振り向くと鈴仙が指を奇妙な形にして立っていた。

「くそっ!いったいなんだってん・・・」

「おーおー、兎に兄弟までいやがる」

 ドゴンッ! と音がしたと思ったら鈴仙が勢い良く宙を吹き飛んでいた。

「鈴仙!!」

「そんなに心配しなくてと玉兎は皆頑丈だから平気だっつーの」

 いつの間にか隣に男がいた。ボロボロのマントを見に包んだ夜の色を持つ男はニヤニヤと笑いながら朔を見ている。

「誰だてめぇは」

「そんなに怖い顔をするなよ兄弟。腹違いとも言える物ではあるが同じ感覚で生まれた仲間だろ?」

 兄弟、という言葉か引っかかった。そして腹違い。

「・・・まさか、いや送られてきた情報にはお前の情報はなかったぞ」

「当たり前だ。俺みたいな試作品の試作品みたいな奴の情報があるわけねぇだろうが」

「つーことは、やっぱお前は・・・」

 男は手をひらひらとさせながら朔にこう言ってきた。


「気づいたか。俺はお前ら改良型と違う、八意の作った理論をそのままぶち込まれた失敗作だ」


 朔達は、八意の作った理論を組み込み、改良して作られた物だ。

 その理論がどんな物かは朔は知らない。

 ただ、その理論自体は手を加えなくても十分完成していたのだけは知っていた。

 理論が完成しているなら、実験を、試作品を作っていてもおかしくない。

「いやーさ、苦労したぞ?あいつら人を勝手に攫っておいてコントロールが出来ないとかの理由で地上にぶち落としたんだからな」

 ヘラヘラと乾いた笑みを浮かべながら男は語る。

「ほんと、大変だった。この力をコントロールするのに大陸一つ壊しちまったよ」

 何の悪気もなく、男は語る。

「なんでこんなことをするんだ。俺が何をした?その疑問にあいつら月人はなんて答えたと思う」

 男は空を、その先にあるであろう月を見上げて言う。

「『地上にいること自体が罪』だとよ」

 ぼっ、と男の手のひらに白炎が生まれた。

「その言葉を聞いた時にさ、俺は決めたんだよ」

 ズズズッと炎は形を変え、一振りの剣となった。

「復讐をな!」

 ダンッ! と突然男は地面を足で叩く。

 それを合図に男と朔の周りを爆炎が吹き飛ばした。

「ちぃ!」

 炎の向こう側で誰かが何か言ったが、朔の耳には届かない。

「なあ、お前も一緒に来ないか?」

 男は手を朔に伸ばして言う。

「月人に復讐をするんだ。お前も憎んでるはずだ。一緒に奴らを殺してやろう」

 復讐、それもいいかもしれない。
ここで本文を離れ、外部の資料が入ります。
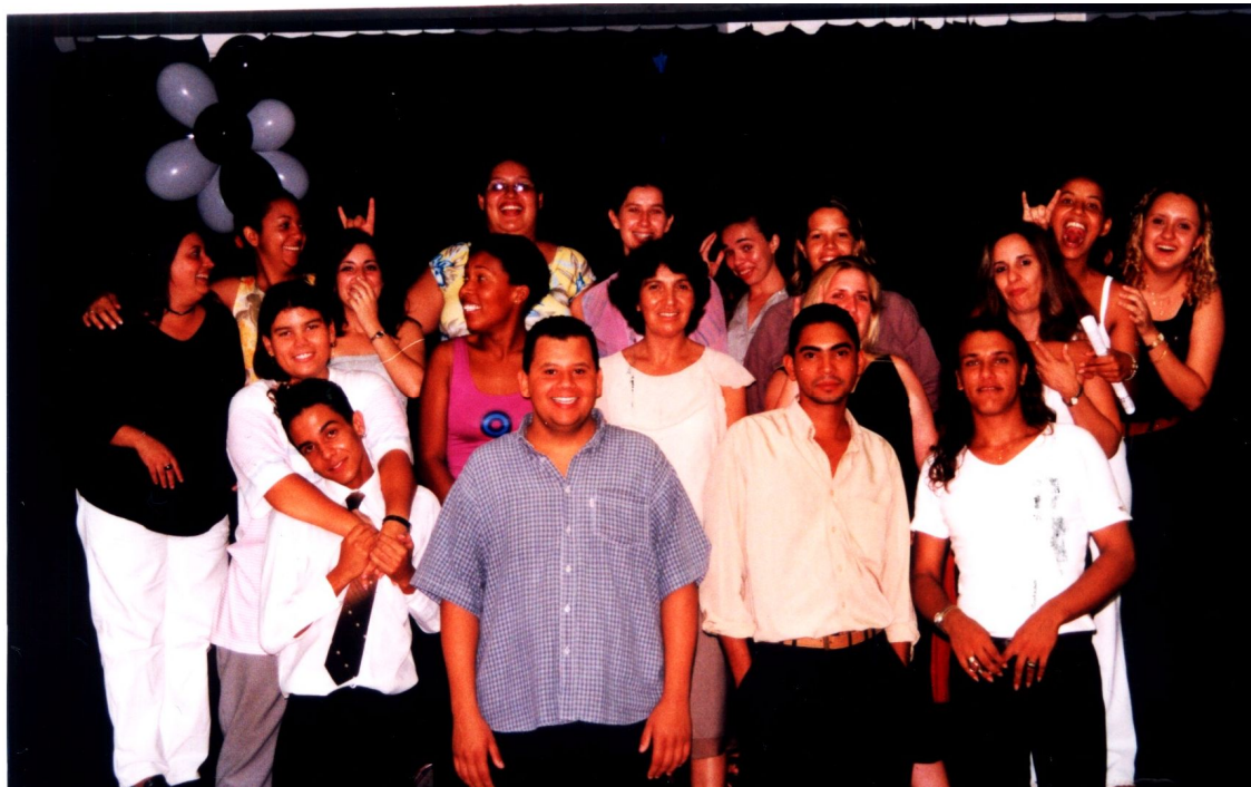
Foto: Alunos do PET 2 durante uma aula do Núcleo Central.

と朔は思った。

「・・・悪くはないな」

「おおそうか!」

 男は本当に嬉しそうな声を出した。ぐいっと手を伸ばしてくる。

 朔はその手に手を伸ばす。


「だが無意味だ」


 その手を、はたき落とした。

「・・・えっ?」

 男は信じられない物を見たという顔をしていた。

 朔は男に向かって、ハッキリと言ってやる。

「お前が復讐の先に幸せが待っていると言うつもりなら、俺はお前に手を貸すよ。だが違うだろ?お前はあいつらを痛めつけることしか考えてないな」

 腰の刀に手を当てる。

「俺はさ、復讐を駄目だと言うつもりはない。復讐して進むこともあるだろうな」

 刀を引き抜き、男に向ける。

「だがお前は違う。お前が復讐しても進むことなんてない。あるのはただの、停滞だ」

 男の顔はいつの間にか、何の感情も篭って無かった。朔は気にせず話続ける。

「お前は悪くないよ。だが正義というわけでもない。ならば止める、止めてやる。そんな意味のない行動は、俺が止めてやる」

「・・・そうか、お前もつまらん奴だな」

 男は白炎の剣を朔に向ける。お互いの武器は、少しでも動けば当たる位置にある。

「・・・とまあ、ここまでが適当。ここからが本音だ」

「あ?」

「本音はな、嫌なんだよ。復讐だのなんだの言って誰かを傷つけるのが。この刀を振るう時の俺の気持ち、お前には理解出来ないだろうよ」

 男は、何かが朔の中で動いてるのを感じた。

「俺はただ、毎日平和に、毎日働いて、少しばかり遊んでいたいだけだ。刀を振るうなんてまっぴらごめんだ」

 その何かを、男は知っていた。その力は、誰かに植え付けられた物ではない。人が持つ力。

「そしてそれ以上に、知り合いが傷ついてるのを見るのがごめんだ」

 危険だと思った。その力は、男を殺せることがわかっていたから。

「だから・・・っ!」

 朔が言い切る前に男は白炎の剣を振るう。

 朔が剣を避けると同時に動いていた力が消え去った。

「・・・もういいだろ。お前は敵だ、それだけで充分だ」

 男は右手を高く振り上げ、叫ぶ。

「我が心の形は全てがひれ伏す剛の剣!」

 右手を中心に黒い霧のような物か集まっていく。

「次元と事象を超えて我が前に現れよ!」

 霧は巨大な剣のような形を作り出していく。

「心意具現!!」

 黒い霧は巨大な剣となり、男は剣を軽々と持ち上げ朔に向ける。